---------- DATA SHOWN

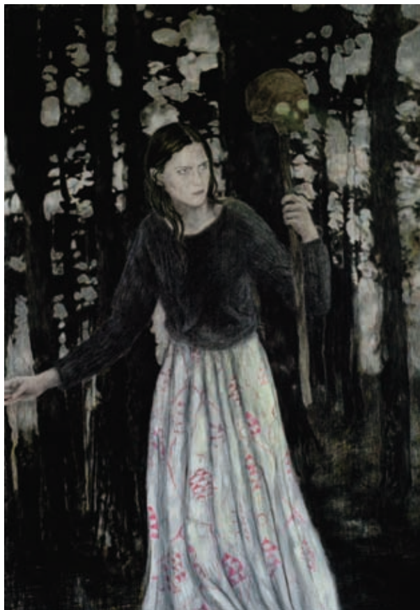
"Into the Woods (After Billbin)", 2004. Pencil, crayon, watercolor, charcoal on paper. 210 x 150 cm. Courtesy Galerie Bugada & Cargnel, Paris.
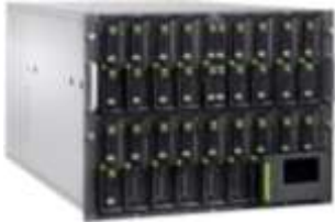
PRIMERGY BX900 S1

The PRIMERGY BX900 S1 is a rack unit that has an installed height of 10U and accommodates 1 to 18 server blades and 1 to 6 storage blades. The energy-efficient Intel Nehalem Quad-Core processors are used in the server blades. Ethernet, Fibre Channel and Infiniband networks are accessed via 8 switch bays. Switches from Cisco, Brocade and Emulex can be used. With its transfer rate of 6.4 Gb/s, the midplane used is the fastest on the market. 100V and 200V power supplies are available. This hardware platform is ideal for server consolidation and virtualization in the datacenter.
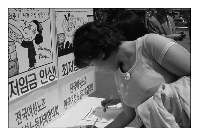
Gathering signatures for the petition (Seoul, May 28, 2002) NOTE: See the cartoon format of the posters that easily caught the eye of the public.

Though most people knew little about the minimum wage system, they agreed to sign the petition to alleviate the suffering of poor workers. In one month, we gathered approximately 15,000 signatures. We also created an on-line board where people could
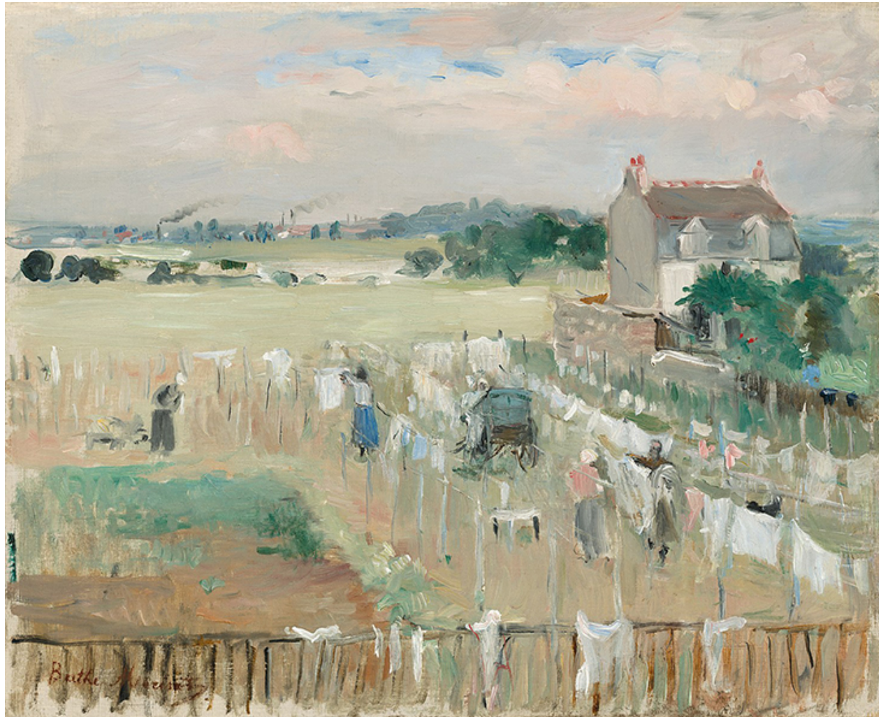
Berthe Morisot, Hanging the Laundry out to Dry, 1875
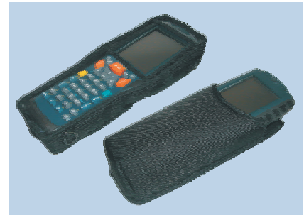
Functional Case and Belt Holster
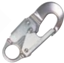
Aluminum Snap Hook 3/4 in. (19.1 mm) Gate Opening
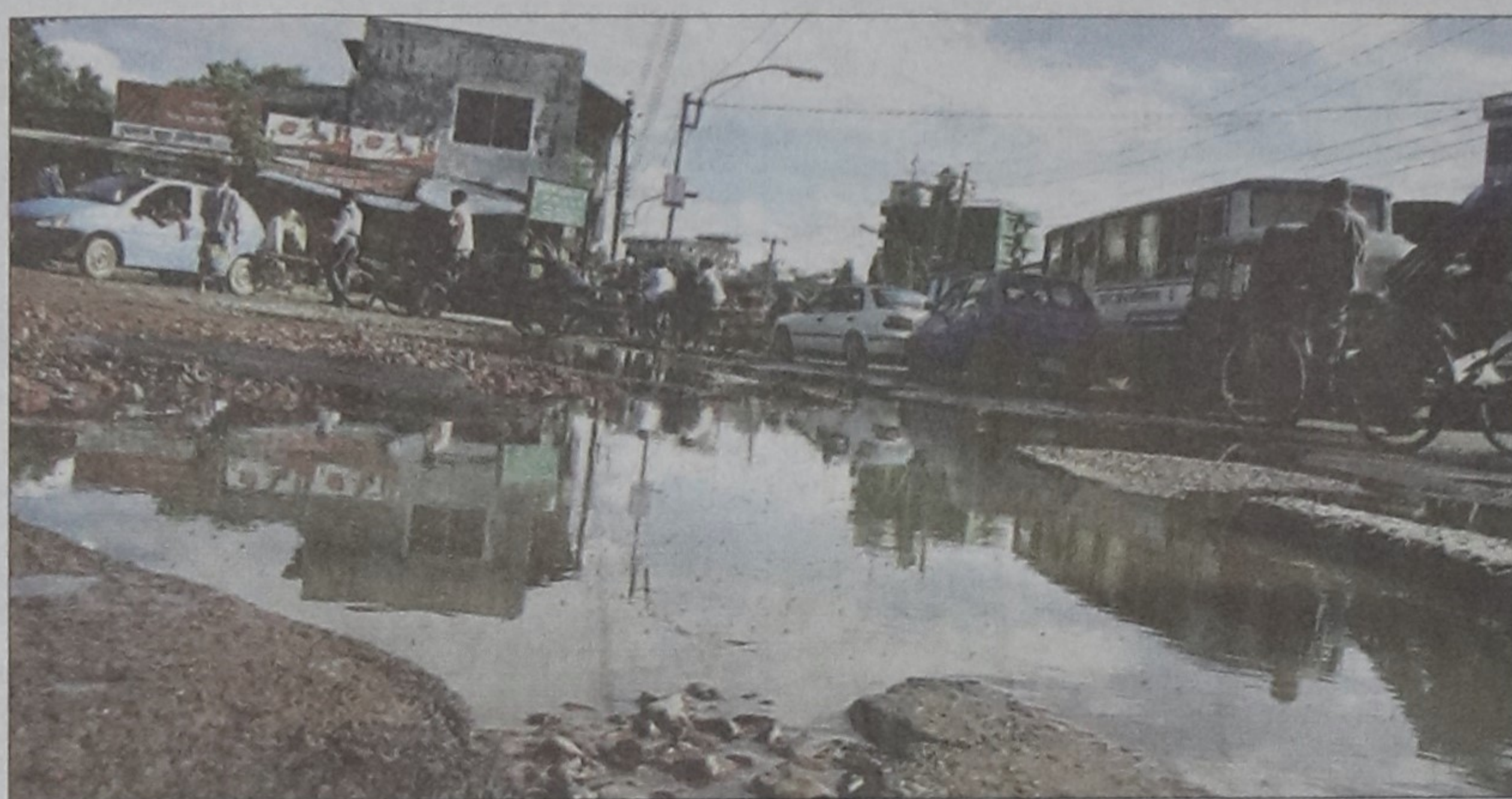
The photo shows the dilapidated condition of the road at the Mirpur Mazar Road-Beribandh intersection. The problem has remained unattended for long, prolonging people's sufferings.
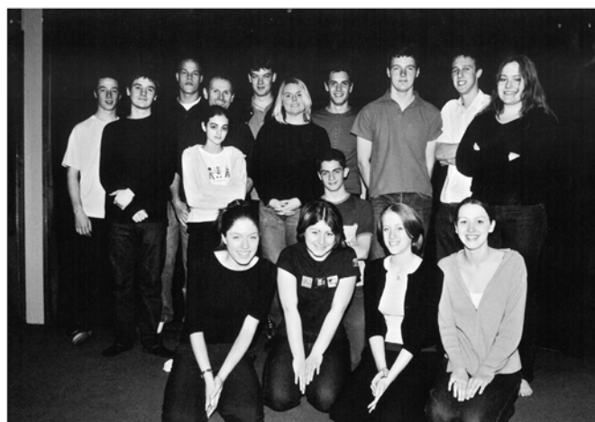
The Plough & The Stars 1999
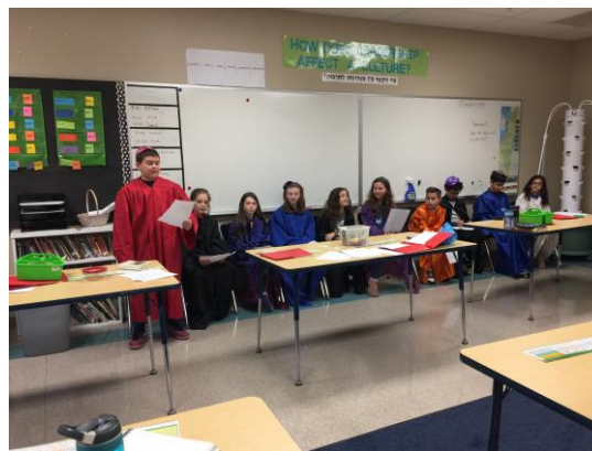
Leeon offers the opening argument.
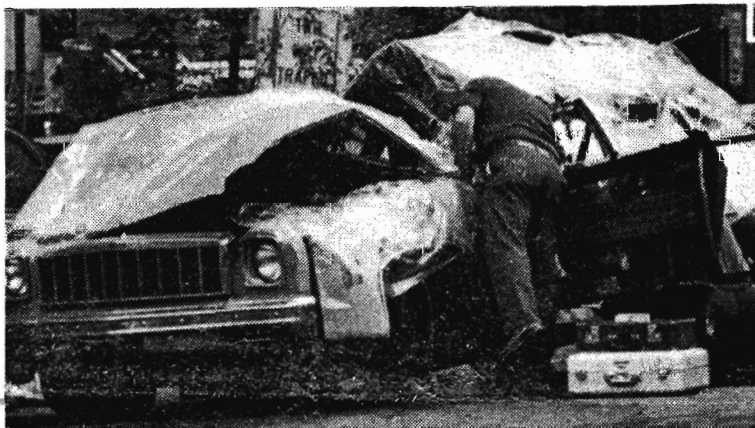
Top, 500 in New York protested killing of Cuban diplomat. Below, car blown up by terrorists in 1976 killing of Chilean leader Letelier. Killers will now get new trial.

cast in much of the news media. They wanted to turn the victim into the criminal and relieve the pressure on the government to move against the terrorists.
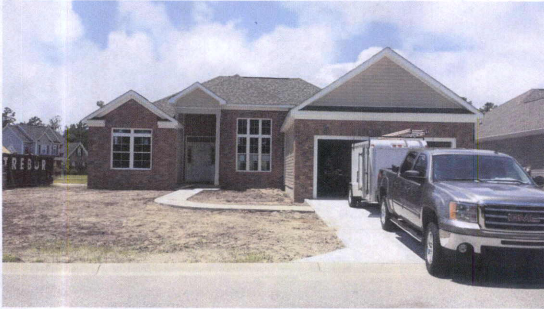
Front View 05/26/15

If using the Elevation Certificate to obtain NFIP flood insurance, affix at least 2 building photographs below according to the instructions for Item A6. Identify all photographs with date taken; "Front View" and "Rear View"; and, if required, "Right Side View" and "Left Side View." When applicable, photographs must show the foundation with representative examples of the flood openings or vents, as indicated in Section A8. If submitting more photographs than will fit on this page, use the Continuation Page.

--------------------

Your task is to reproduce exactly the lines from the start of the data above through the line containing "Aluminum Snap Hook", leaving every picture out.

◆ **RESPONSE AREA**:
"Into the Woods (After Billbin)", 2004. Pencil, crayon, watercolor, charcoal on paper. 210 x 150 cm. Courtesy Galerie Bugada & Cargnel, Paris.
PRIMERGY BX900 S1

The PRIMERGY BX900 S1 is a rack unit that has an installed height of 10U and accommodates 1 to 18 server blades and 1 to 6 storage blades. The energy-efficient Intel Nehalem Quad-Core processors are used in the server blades. Ethernet, Fibre Channel and Infiniband networks are accessed via 8 switch bays. Switches from Cisco, Brocade and Emulex can be used. With its transfer rate of 6.4 Gb/s, the midplane used is the fastest on the market. 100V and 200V power supplies are available. This hardware platform is ideal for server consolidation and virtualization in the datacenter.
Gathering signatures for the petition (Seoul, May 28, 2002) NOTE: See the cartoon format of the posters that easily caught the eye of the public.

Though most people knew little about the minimum wage system, they agreed to sign the petition to alleviate the suffering of poor workers. In one month, we gathered approximately 15,000 signatures. We also created an on-line board where people could
Berthe Morisot, Hanging the Laundry out to Dry, 1875
Functional Case and Belt Holster
Aluminum Snap Hook 3/4 in. (19.1 mm) Gate Opening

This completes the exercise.